BumbleBee’s delivery of Cobalt Strike Beacon onto target systems resulted in those systems communicating with Cobalt Strike C2 servers. Cobalt Strike Beacon’s C2 communications resulted in breaches of the following models: 

·      Compromise / Beaconing Activity To External Rare

·      Compromise / High Volume of Connections with Beacon Score

·      Compromise / Large Number of Suspicious Successful Connections

·      Compromise / Sustained SSL or HTTP Increase

·      Compromise / SSL or HTTP Beacon

·      Compromise / Slow Beaconing Activity To External Rare

·      Compromise / SSL Beaconing to Rare Destination 

The threat actors’ subsequent port scanning and SMB enumeration activities caused the following models to breach:

·      Device / Network Scan

·      Anomalous Connection / SMB Enumeration

·      Device / Possible SMB/NTLM Reconnaissance

·      Device / Suspicious Network Scan Activity  

The threat actors’ attempts to obtain account password data from domain controllers using the DCSync technique resulted in breaches of the following models: 

·      Compromise / Unusual SMB Session and DRS

·      Anomalous Connection / Anomalous DRSGetNCChanges Operation

Finally, the threat actors’ attempts to internally distribute and execute payloads resulted in breaches of the following models:

·      Compliance / SMB Drive Write

·      Device / Lateral Movement and C2 Activity

·      Device / SMB Lateral Movement

·      Device / Multiple Lateral Movement Model Breaches

·      Anomalous File / Internal / Unusual SMB Script Write

·      Anomalous File / Internal / Unusual Internal EXE File Transfer

·      Anomalous Connection / High Volume of New or Uncommon Service Control

If Darktrace/Network had been configured in the targeted environments, then it would have blocked BumbleBee’s C2 communications, which would have likely prevented the threat actors from delivering Cobalt Strike Beacon into the target networks. 

Figure 9: Attack timeline

Conclusion

Threat actors use loaders to smuggle more harmful payloads into target networks.
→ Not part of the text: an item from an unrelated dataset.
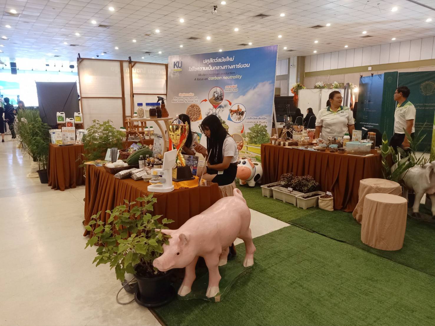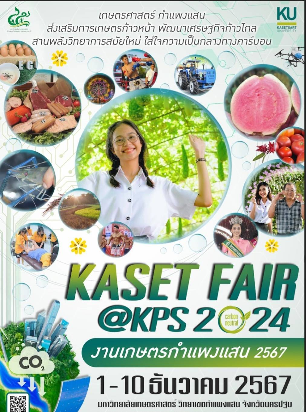 ผู้ช่วยศาสตราจารย์ ว่าที่ร้อยตรี ดร.ศิริชัย ศรีพรหม ผู้ช่วยอธิการบดีฝ่ายบริหาร กีฬา และศิลปวัฒนธรรม วิทยาเขตกำแพงแสน กล่าวถึงกิจกรรมที่จะเกิดขึ้นในงานเกษตรกำแพงแสน ประจำปี 2567 ว่า มหาวิทยาลัยเกษตรศาสตร์ วิทยาเขตกำแพงแสน เป็นมหาวิทยาลัยแห่งนวัตกรรม การเกษตร สุขภาพ และสิ่งแวดล้อม ที่ตระหนักถึงปัญหาการปล่อยก๊าซคาร์บอนไดออกไซด์หรือก๊าซเรือนกระจกที่ก่อให้เกิดภาวะโลกร้อน ซึ่งส่งผลเสียต่อระบบนิเวศน์และมนุษย์เป็นอย่างมาก จึงกำหนดรูปแบบในการจัดงานเพื่อนำเสนอผลงานนวัตกรรมจากงานวิจัยและบริการวิชาการ รวมไปถึงกิจกรรมเผยแพร่องค์ความรู้ของมหาวิทยาลัยเกษตรศาสตร์ วิทยาเขตกำแพงแสน ที่มุ่งสู่ความเป็นกลางทางคาร์บอน หรือ Carbon neutrality โดยมีการนำเสนอผลงานที่น่าสนใจมากมาย ผ่านการจัดแสดงนิทรรศการผลงานวิจัย นวัตกรรม และบริการวิชาการ พบกับผักและผลไม้สายพันธุ์ใหม่ จากงานวิจัยด้านพืชและวิทยาศาสตร์เกษตร ฝรั่งพันธุ์ใหม่ ชมพูพิรุณ เทคโนโลยีการเกษตรที่สนับสนุนการผลิตพืชในยุคดิจิทัล มหกรรมแทรกเตอร์และเครื่องจักรกลเกษตรไทย การจัดแสดงสายพันธุ์ข้าวรวม 102 สายพันธุ์ ในงาน นิทรรศการพันธุ์ข้าวแห่งชาติ (National Rice Field Day 2024) ชมนิทรรศการด้านปศุสัตว์และเลือกซื้อผลิตภัณฑ์เนื้อโคอินทรีย์ (Kaset Organic Beef) ไก่ตะเภาทอง ผลิตภัณฑ์ยาสมุนไพรรักษาสัตว์ นิทรรศการด้านประมง พบกับการผลิตกุ้งก้ามกรามเพศผู้ล้วน นวัตกรรมการผลิตปูม้านิ่ม ผลิตภัณฑ์รักษ์โลกจากกาวหนังปลา-Eco-Art นิทรรศการงานวิจัยและนวัตกรรมด้านวิศวกรรมศาสตร์ เครื่องอัดกระถางปลูกแคคตัสรักษ์โลก เครื่องวิเคราะห์รสชาติเนื้อทุเรียนแบบไม่ทำลายเนื้อ ทุเรียน ตามสั่งดั่งใจ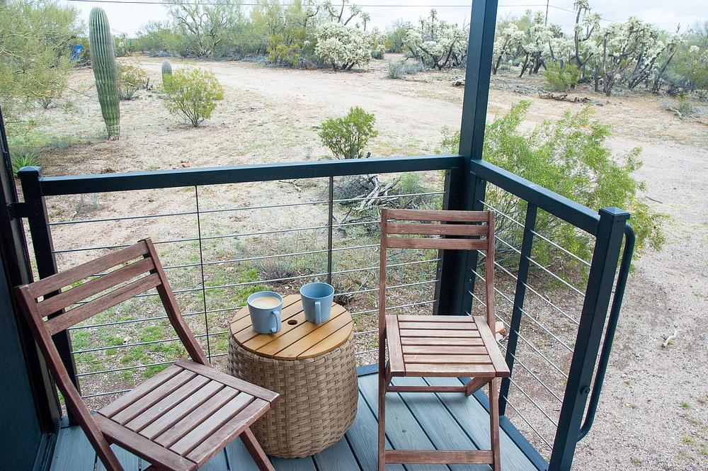 This lightly used Keystone LOF24 is a dual loft, no-slide destination trailer, with reclining seats, a pull out table, electric fireplace and covered deck. Lots of windows let in the light and a huge side awning when you'd prefer shade. The kitchen has a large fridge, 3 burner propane stove and oven, deep sink and enough cabinets to hold everything you need. The tiny-house like format makes it comfortable for a weekend or a more long-term stay. The AC stands up to Arizona summer heat and is prepped for solar, a second fan and washer connection if desired.

Prior to March 2022, it was common to see threat actors using the BazarLoader loader to transfer their payloads into target environments. However, since the public disclosure of the Conti gang’s Jabber chat logs at the end of February, the cybersecurity world has witnessed a shift in tradecraft. Threat actors have seemingly transitioned from using BazarLoader to using a novel loader known as ‘BumbleBee’. Since BumbleBee first made an appearance in March 2022, a growing number of threat actors, in particular ransomware actors, have been observed using it.

It is likely that this trend will continue, which makes the detection of BumbleBee activity vital for the prevention of ransomware deployment within organisations’ networks. During April, Darktrace’s SOC team observed a particular pattern of threat actor activity involving the BumbleBee loader. After tricking users into running BumbleBee on their devices, threat actors were seen instructing BumbleBee to drop Cobalt Strike Beacon. Threat actors then leveraged Cobalt Strike Beacon to conduct network reconnaissance, obtain account password data from internal domain controllers, and distribute malicious payloads internally.  Darktrace’s detection of these activities prevented the threat actors from achieving their likely harmful objectives.  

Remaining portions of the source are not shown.